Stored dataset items
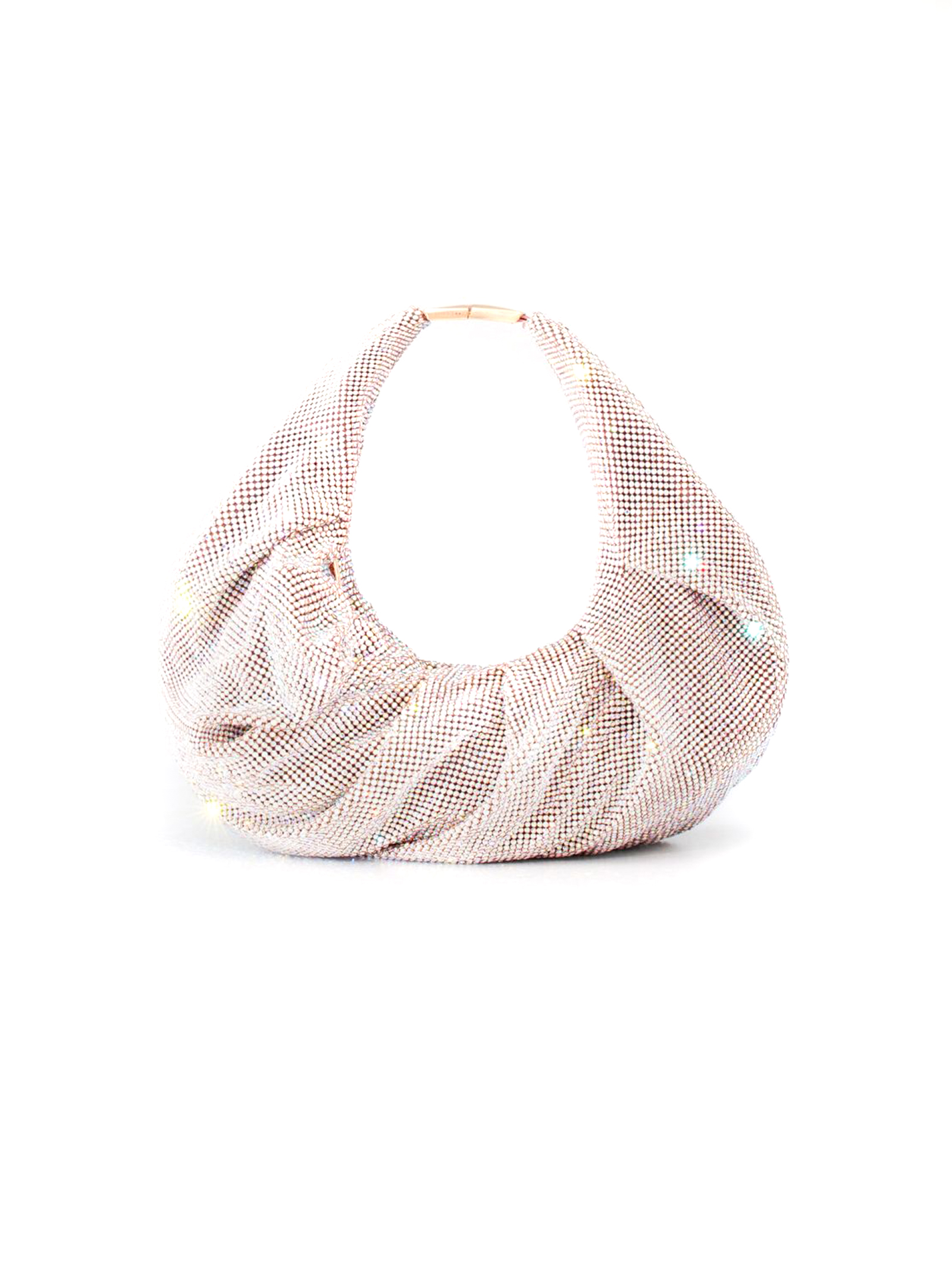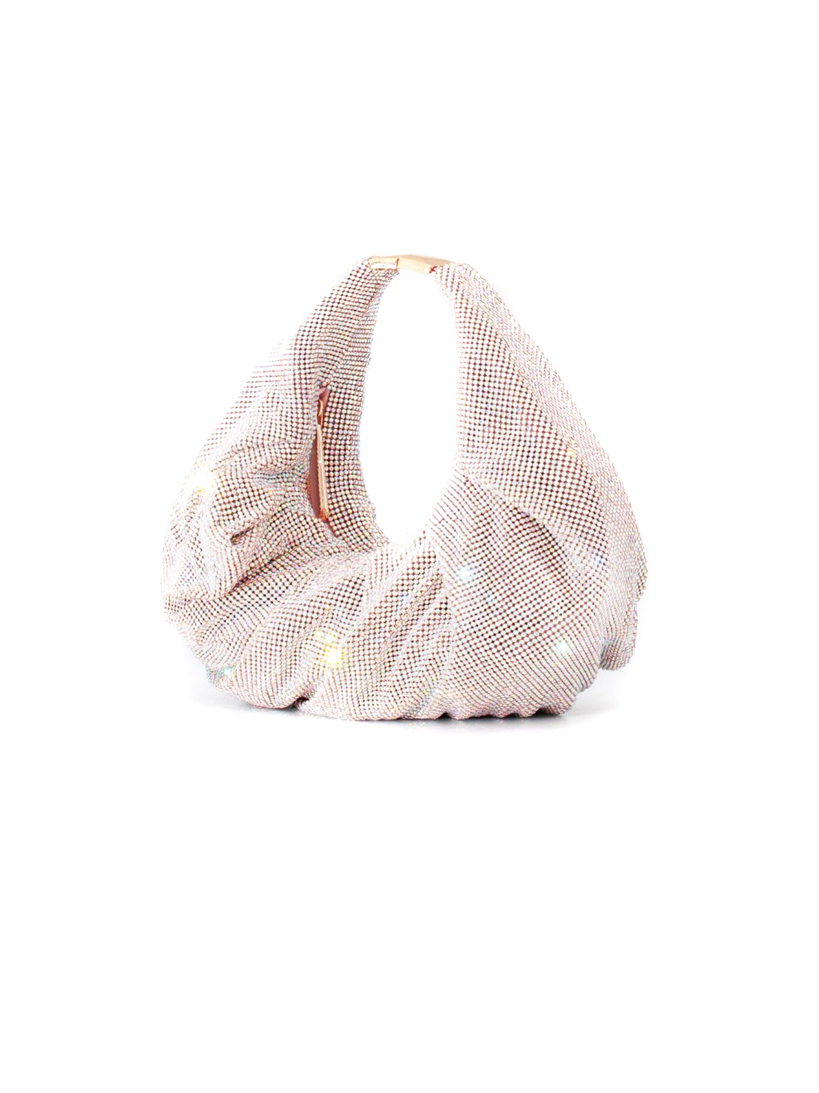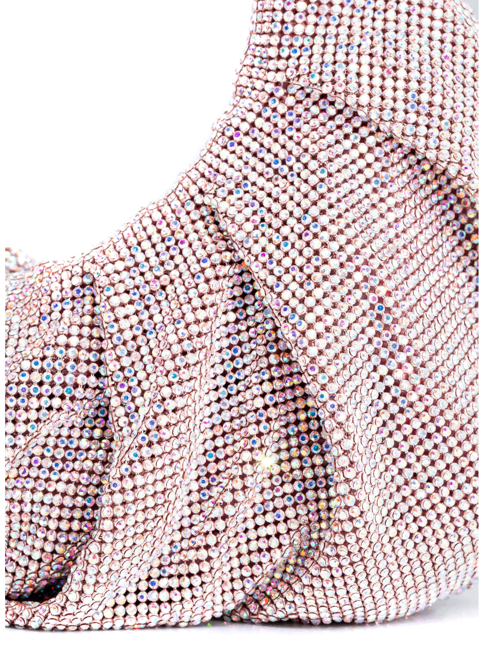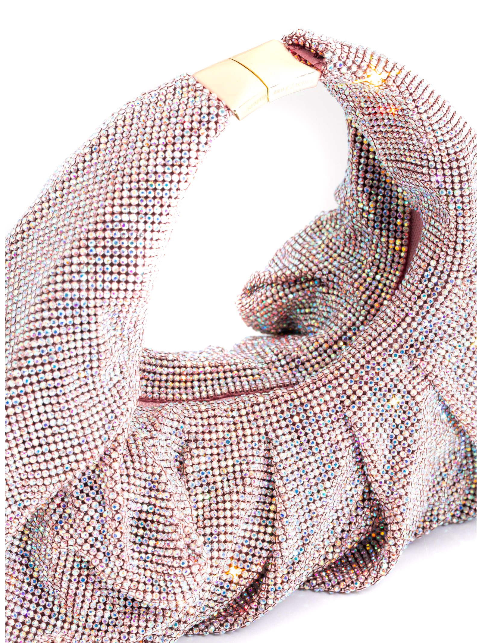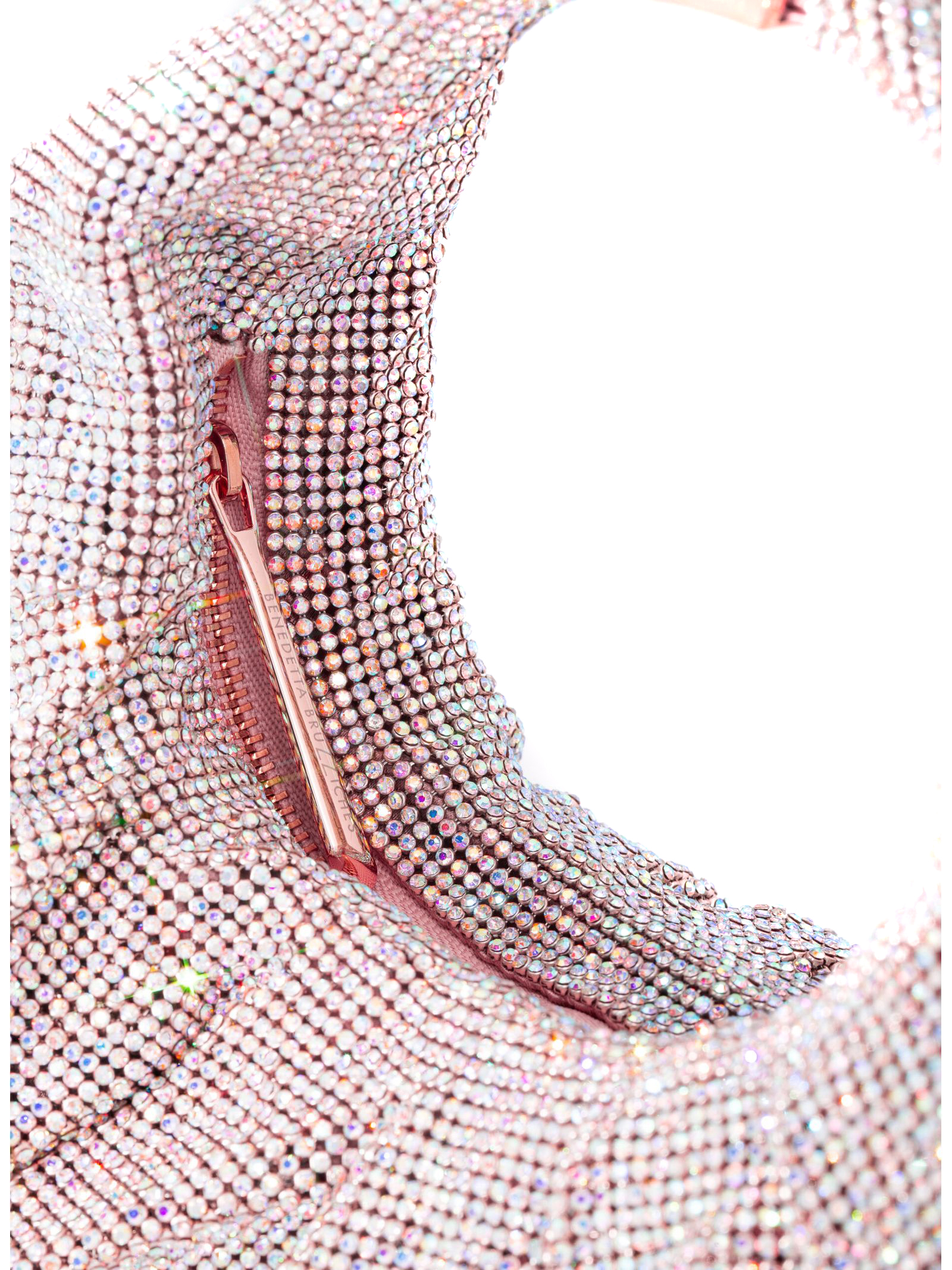 Borsa tote Yennefer rosa, design in rete, decorazione con strass, dettagli plissettati, componenti metalliche color oro con logo inciso, chiusura superiore con zip, scomparto unico, applicazione interna con logo, fodera integrale, 24 x 4 x 26 cm
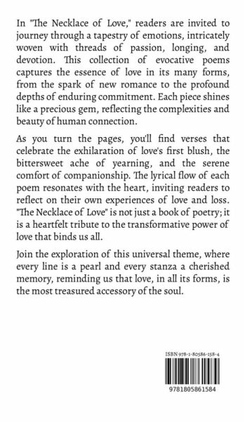 In "The Necklace of Love," readers are invited to journey through a tapestry of emotions, intricately woven with threads of passion, longing, and devotion. This collection of evocative poems captures the essence of love in its many forms, from the spark of new romance to the profound depths of enduring commitment. Each piece shines like a precious gem, reflecting the complexities and beauty of human connection. As you turn the pages, you'll find verses that celebrate the exhilaration of love's first blush, the bittersweet ache of yearning, and the serene comfort of companionship. The lyrical flow of each poem resonates with the heart, inviting readers to reflect on their own experiences of love and loss. "The Necklace of Love" is not just a book of poetry; it is a heartfelt tribute to the transformative power of love that binds us all. Join the exploration of this universal theme, where every line is a pearl and every stanza a cherished memory, reminding us that love, in all its forms, is the most treasured accessory of the soul.
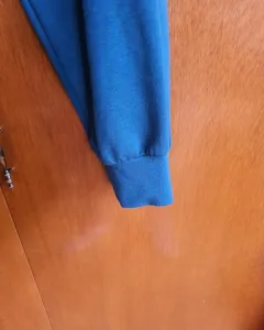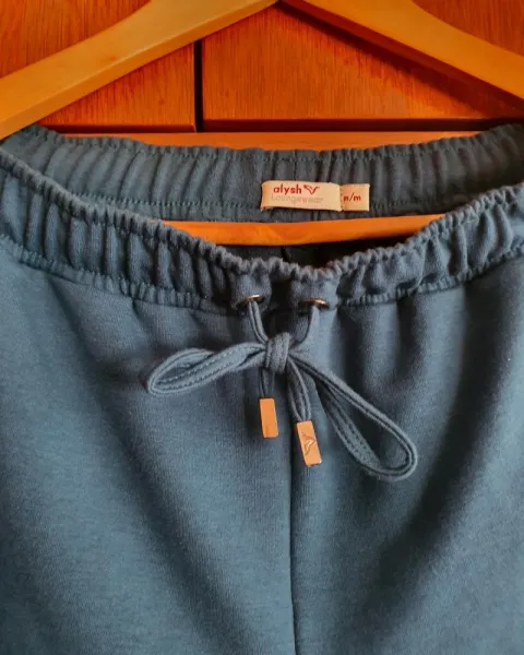 Pants azul. Pants suave al tacto en color azul, con elástico en la cintura y cintas para hacer moño. Al final de la pierna es en puño
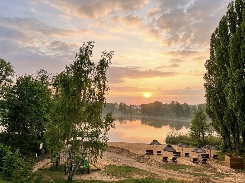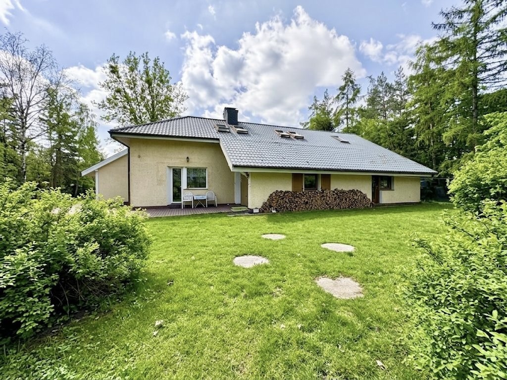 Dom zlokalizowany jest przy ul. Głównej, w okolicy pełnej zieleni i malowniczych jezior. Do plaży sąsiedniego jeziora dotrzemy po zaledwie 5 minutach spaceru, co czyni tę ofertę idealną dla miłośników aktywności na świeżym powietrzu.
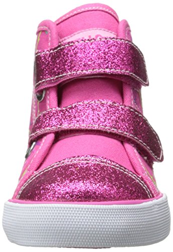 Give her the colorful, sweet style of these Hello Kitty hi-top sneakers! Hello Kitty hi-top sneakers Canvas-look upper with allover print and glitter accents Hook-and-loop straps at vamp Toe cap Grippy sole with cushioned insole Synthetic upper Imported

What is expected: Transcribe every entry exactly. Leave out the pictures.

Task output:
 Borsa tote Yennefer rosa, design in rete, decorazione con strass, dettagli plissettati, componenti metalliche color oro con logo inciso, chiusura superiore con zip, scomparto unico, applicazione interna con logo, fodera integrale, 24 x 4 x 26 cm
 In "The Necklace of Love," readers are invited to journey through a tapestry of emotions, intricately woven with threads of passion, longing, and devotion. This collection of evocative poems captures the essence of love in its many forms, from the spark of new romance to the profound depths of enduring commitment. Each piece shines like a precious gem, reflecting the complexities and beauty of human connection. As you turn the pages, you'll find verses that celebrate the exhilaration of love's first blush, the bittersweet ache of yearning, and the serene comfort of companionship. The lyrical flow of each poem resonates with the heart, inviting readers to reflect on their own experiences of love and loss. "The Necklace of Love" is not just a book of poetry; it is a heartfelt tribute to the transformative power of love that binds us all. Join the exploration of this universal theme, where every line is a pearl and every stanza a cherished memory, reminding us that love, in all its forms, is the most treasured accessory of the soul.
 Pants azul. Pants suave al tacto en color azul, con elástico en la cintura y cintas para hacer moño. Al final de la pierna es en puño
 Dom zlokalizowany jest przy ul. Głównej, w okolicy pełnej zieleni i malowniczych jezior. Do plaży sąsiedniego jeziora dotrzemy po zaledwie 5 minutach spaceru, co czyni tę ofertę idealną dla miłośników aktywności na świeżym powietrzu.
 Give her the colorful, sweet style of these Hello Kitty hi-top sneakers! Hello Kitty hi-top sneakers Canvas-look upper with allover print and glitter accents Hook-and-loop straps at vamp Toe cap Grippy sole with cushioned insole Synthetic upper Imported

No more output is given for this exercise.